Artificial Intelligence, BioPharma

Marriage of Artificial Intelligence & Biology Spawns RNA-Targeting Startup Atomic AI

Atomic AI combines artificial intelligence analysis with wet lab experiments to discover small molecules capable of drugging RNA. The startup, based on technology initially developed at Stanford, is backed by a $35 million Series A round of financing.

mRNA

The expanse of disease-causing proteins is fertile hunting ground for drug research. Many biotech startups are trying to find small molecules capable of binding to these targets. That’s great when it works, but many protein targets remain elusive, said Raphael Townsend, founder and CEO Atomic AI. Rather than pursue disease-causing proteins, Townsend’s startup aims for a different target: the RNA that carry instructions for making these proteins. Atomic AI uses artificial intelligence to find ways to drug RNA and it’s now out of stealth backed by $35 million.

“By targeting the RNA instead, you’re giving yourself new ways of targeting these untreatable diseases,” Townsend said.

The Series A round of financing announced Wednesday was led by Playground Global.

In order to drug RNA, scientists need to first get a better understanding of it. Proteins are relatively well understood, with hundreds of thousands of known protein structures, Townsend said. By comparison, the human transcriptome, the complete set of all RNA, is poorly understood. The hundreds of known RNA structures are less well mapped out compared to proteins, Townsend said. That’s key because there’s growing recognition that RNA plays a major role in disease on its own, he added.

Proteins fold and change shape, which can make them difficult to hit with a small molecule. But RNA is significantly more flexible making it more of a moving target, Townsend said. The technology of San Francisco-based Atomic AI maps out the transcriptome with an approach that combines wet lab experiments with computational analysis. Data generated by the wet lab are used to train the AI to discover novel targets on the three-dimensional structure of RNA, Townsend said. The AI makes predictions that inform additional wet lab experiments. Those results feed additional AI analysis, continuing a virtuous cycle.

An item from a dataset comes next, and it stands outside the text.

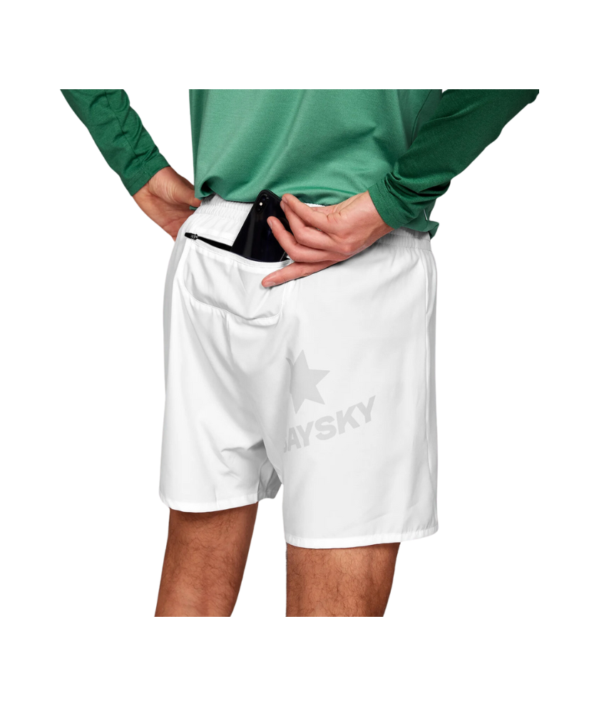 The SAYSKY Pace Shorts 5'' are a classic pair of running shorts - just a whole lot better. This is one of the all-time best-sellers and for good reasons. They're incredibly lightweight and breathable, with a regular fit designed for high performance. This version is white with a woven SAYSKY label on the front and a SAYSKY logo on the back.

Atomic AI’s technology is based on research stemming from Townsend’s PhD work at Stanford University. That research was published in the journal Science in 2021, the same year Atomic AI formed. Since then, the company has made advances with its algorithms and its wet lab, Townsend said. The technology, now called Platform for AI-driven RNA Structure Exploration (PARSE) has also improved in speed and accuracy.

The new capital enables Atomic AI to scale the platform, enabling the startup to become a drug discovery organization, Townsend said. The company will begin to narrow down the targets it will pursue. Townsend declined to identify specific diseases Atomic AI could pursue, but he said the technology could be used to discover small molecules for use in oncology, neurodegenerative disorders, cardiology, rare disease, and infectious disease. The startup’s initial research will focus on identifying the parts of the transcriptome that are even targetable, Townsend said.

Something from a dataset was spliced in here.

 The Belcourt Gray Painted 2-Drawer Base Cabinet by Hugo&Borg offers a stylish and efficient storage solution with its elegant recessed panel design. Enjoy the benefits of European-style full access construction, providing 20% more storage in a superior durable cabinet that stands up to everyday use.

Atomic AI isn’t the first biotech aiming to drug RNA, and in addition to having an earlier start some of these startups already have partnerships with big pharma companies. The most advanced program of Arrakis Therapeutics is an oncology compound in lead optimization. The Waltham, Massachusetts-based company has a drug discovery alliance with Roche. Skyhawk Therapeutics is another Waltham-based company developing RNA-targeting small molecules. That company has alliances with Bristol Myers Squibb, Merck, and Takeda Pharmaceutical. Rather than directly target RNA, Remix Therapeutics is developing drugs that target parts of the cell that process it. Nearly a year ago, Cambridge, Massachusetts-based Remix inked a research alliance with a Johnson & Johnson subsidiary. More recently, Boulder, Colorado-based Arpeggio Biosciences unveiled a $17 million Series A round of funding.

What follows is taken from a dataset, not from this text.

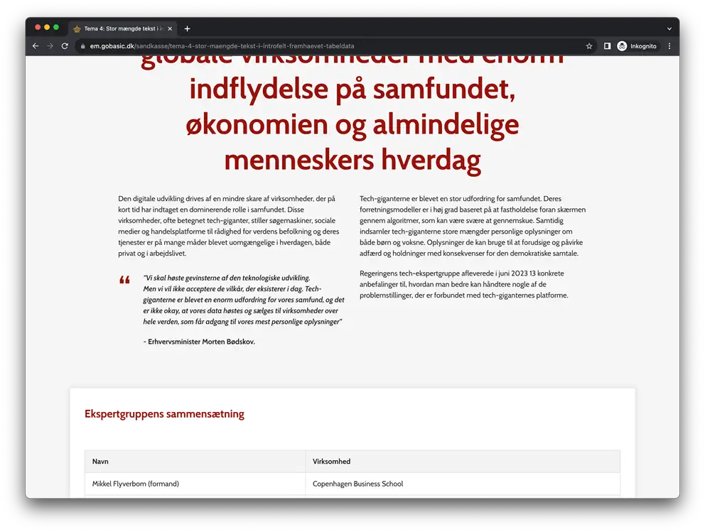Tema 4: Stor mængde tekst i introfelt, fremhævet tabeldata
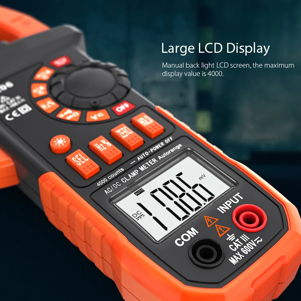 Многоцелевой клещи с автоматическим диапазоном: может точно измерять напряжение переменного/постоянного тока, ток переменного/постоянного тока, частоту, рабочий цикл, диод, емкость и измерение сопротивления.

Townsend recognizes the other companies pursuing RNA-targeting small molecules, but he says what sets Atomic AI apart is the wet lab component of its platform. Companies that take a purely AI approach to RNA will have difficulty because there’s just not much RNA data out there for these technologies to analyze, he explained.

Now that Atomic AI is out of stealth, Townsend said he’s looking for potential partnerships. While the startup’s internal research will focus on developing small molecule drugs, Townsend said partnerships will focus on using PARSE to develop new RNA-based medicines. The platform’s ability to predict how RNA folds and forms new structures can be used to design new RNA medicines, he explained. The technology also holds potential for improving certain aspects of RNA-based medicines, such as stability. For example, a more stable RNA molecule could avoid the ultra-cold storage required of the messenger RNA-based Covid-19 vaccines.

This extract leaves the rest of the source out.